Based on A.M. Shine’s creepy folk horror novel The Watchers (which has its own sequel out later this year), The Watched (as it’s been retitled for UK and Northern Ireland) is the debut feature from Ishana Night Shyamalan, daughter of the prodigious, but erratic, M. Night. It’s an intriguing choice of first project, certainly one that doesn’t betray the family preponderance for dark, twisty horror tales designed to second-guess the audience. The Watched doesn’t always hit the spot as it occasionally runs out of energy, but it’s an impressive calling card that allows the director to demonstrate that she’s as at home with building a sense of dread and creeping menace as she is at delivering strategic jump scares and images of stark, striking horror.

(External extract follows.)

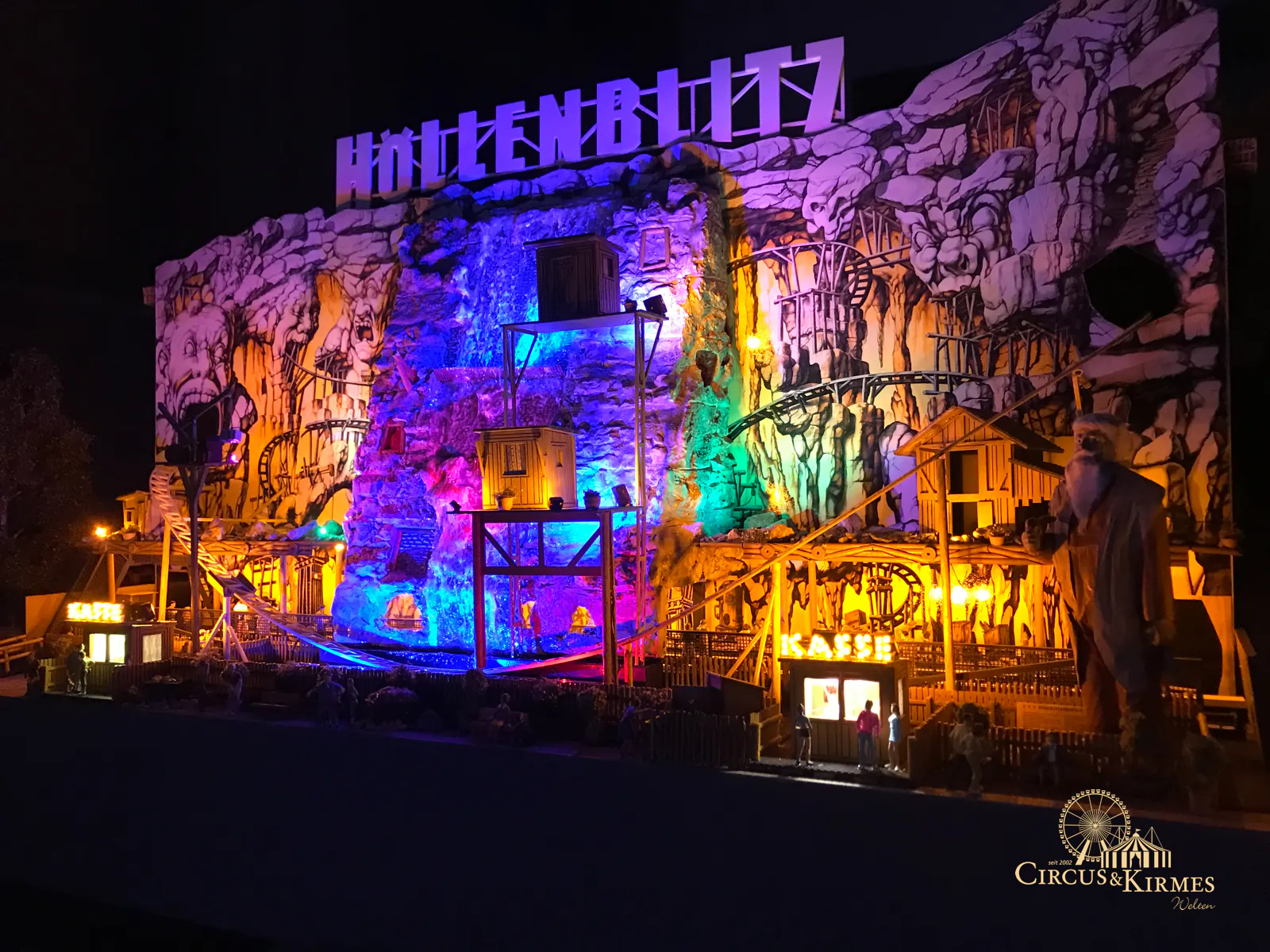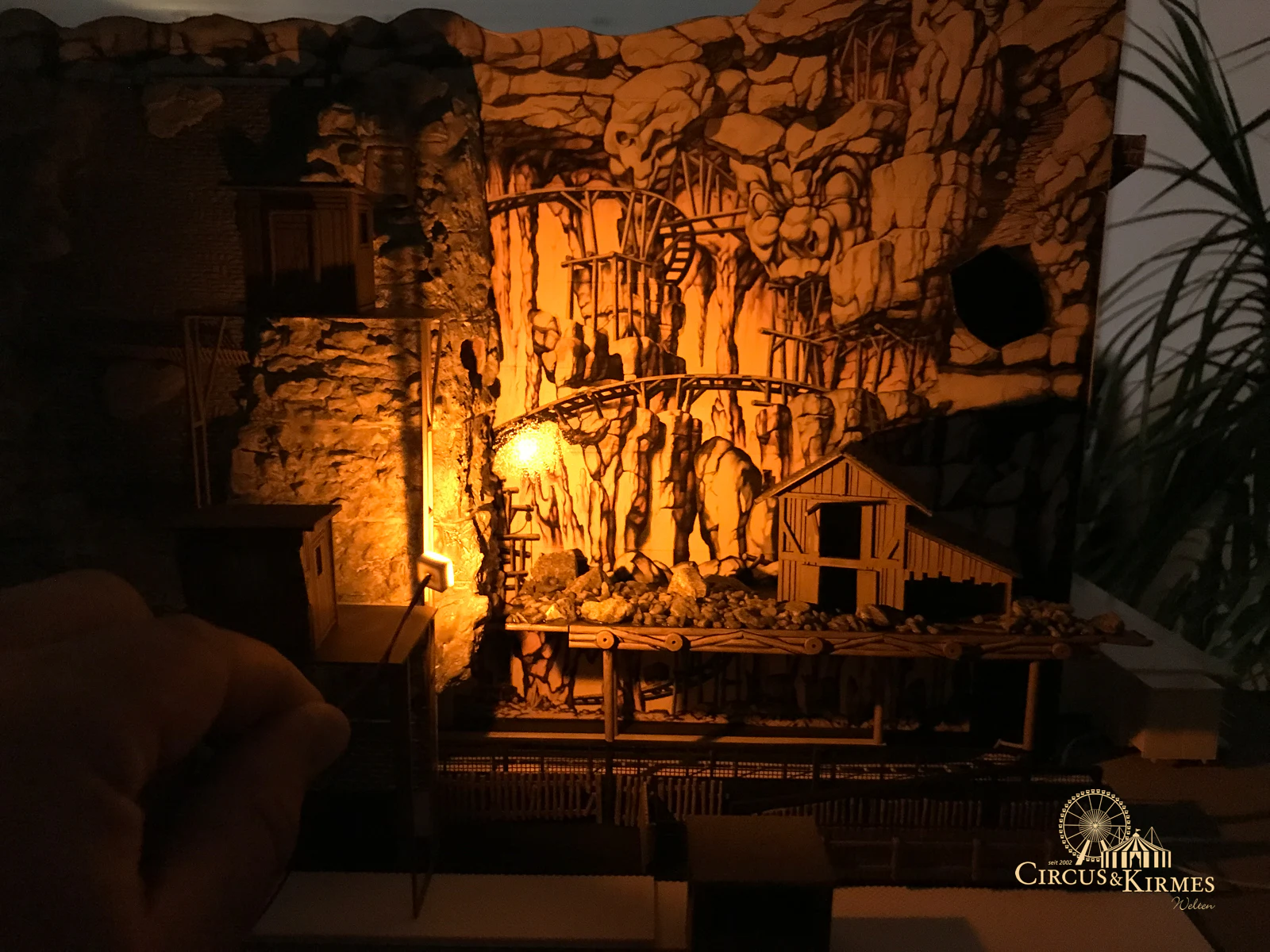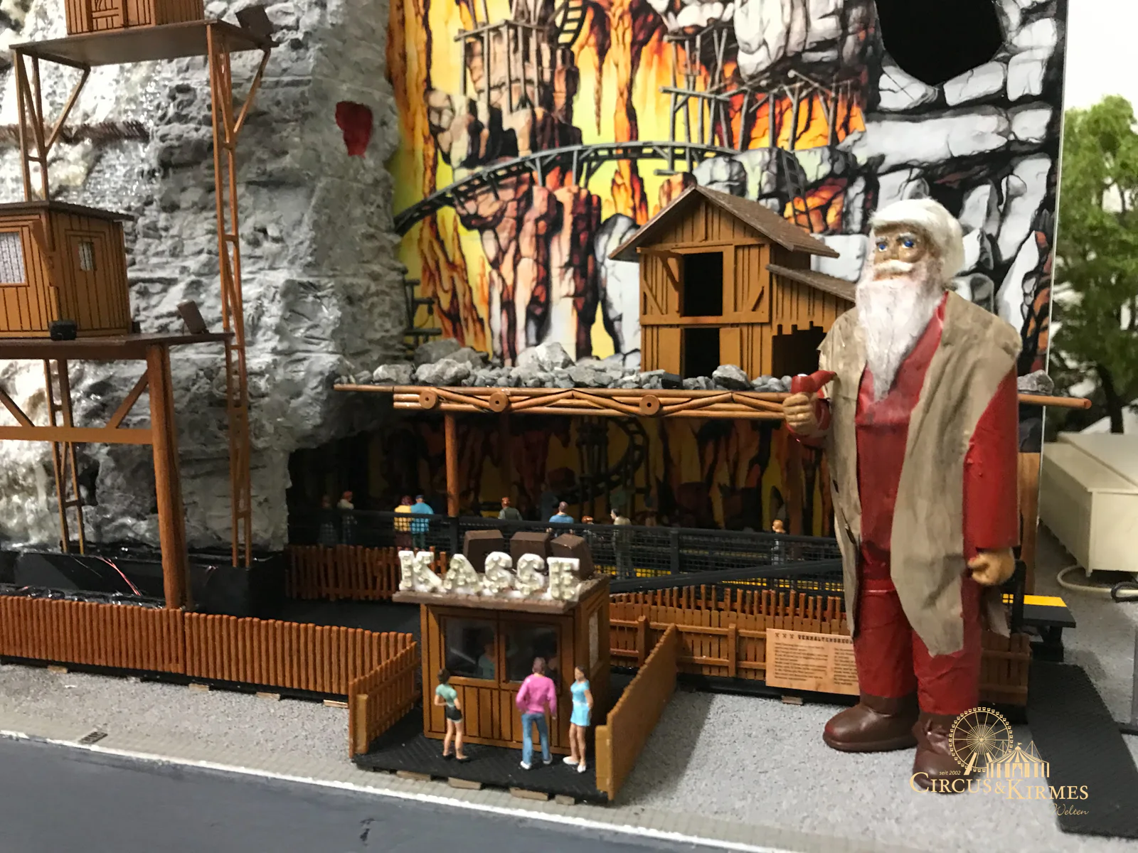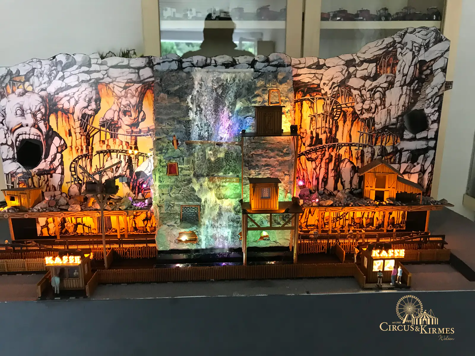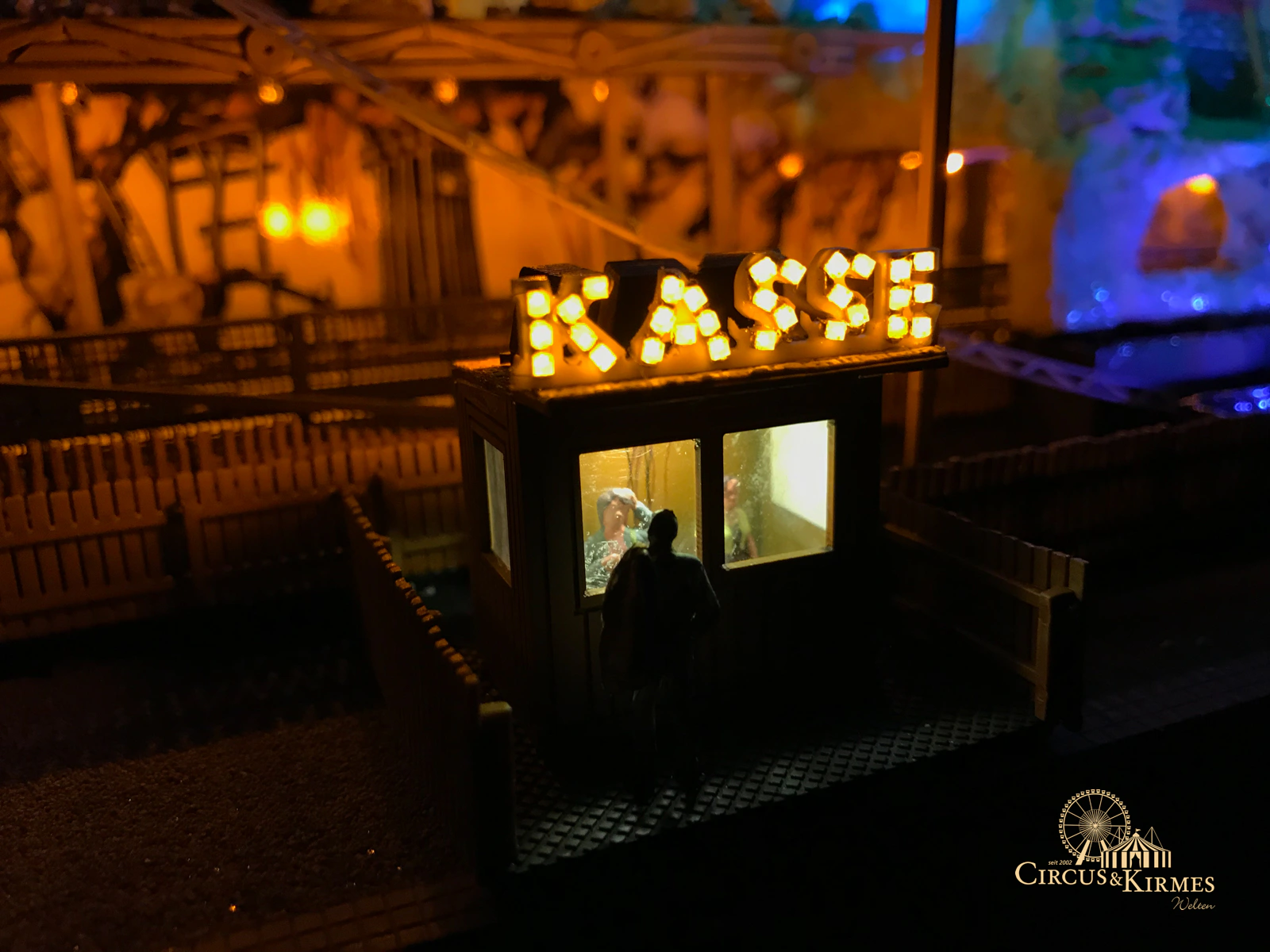 Nach zahlreichen Arbeitsstunden entstand dieses detailgetreue Modell des bekannten Fahrgeschäfts Höllenblitz im Maßstab 1:87. Es handelt sich um einen kompletten Eigenbau – von der Grundkonstruktion über die Antriebs- und Beleuchtungstechnik bis hin zur aufwendigen Gestaltung der Fassade und Szenerie.

Shine’s novel was an occasionally sluggish, overwrought affair. Shyamalan (who also wrote the script) has stripped away a lot of the narrative flab and focused on the core story of Mina (Dakota Fanning), an American living in Ireland who is still coping with the trauma of causing the death of her mother when she was a child. She works in a pet shop and is tasked by her boss with delivering a valuable bird to a customer across the country. Her car breaks down in a supernaturally huge forest. The car seems to disappear, and she encounters Madeleine (Olwen Fouere), an old woman watching her from nearby. With night falling, Mina takes refuge in a bunker-like building called ’The Coop’ alongside Madeleine and two other occupants. They explain that they are trapped in the bunker, observed at night by nocturnal creatures called ‘Watchers.’ Mina soon finds out that that’s no way out of the forest and that the Watchers, who are afraid of the light, will kill anyone outside the Coop at night. Days, months and seasons pass, and the four remain trapped in the Coop, turning on one another and becoming increasingly suspicious of one another. But in time, they discover the secrets of both the Coop and the Watchers and work to find a way out of the forest forever,
Despite the chamber-piece nature of its central conceit, The Watched is an ambitious and unusual piece of storytelling. Shyamalan clearly revels in evoking a sense of claustrophobia both inside the Coop and outside in the endless forest, and the Watchers themselves, wisely kept off-screen for much of the film, are an ever-present, terrifying threat that is all the better for being kept in the shadows and the darkness. The balance of the film seems uneven as both tone and locale shift in the last act, but that’s as much an issue with the original novel as it is with Shyamalan’s screenplay, which manages to make the nature and origins of the Watchers clearer and more plausible than in the novel.
With its nimble running time (just 100 minutes), The Watched is long enough to do what it needs to do without testing the audience’s patience. It allows Shyamalan to build on the tricks she’s clearly learned from her father while suggesting that she has a pretty firm grasp on the genre and how to draw the best out of what is, here, a potentially tricky and uninvolving story. It also suggests that she has a very bright future in the world of the dark and mysterious.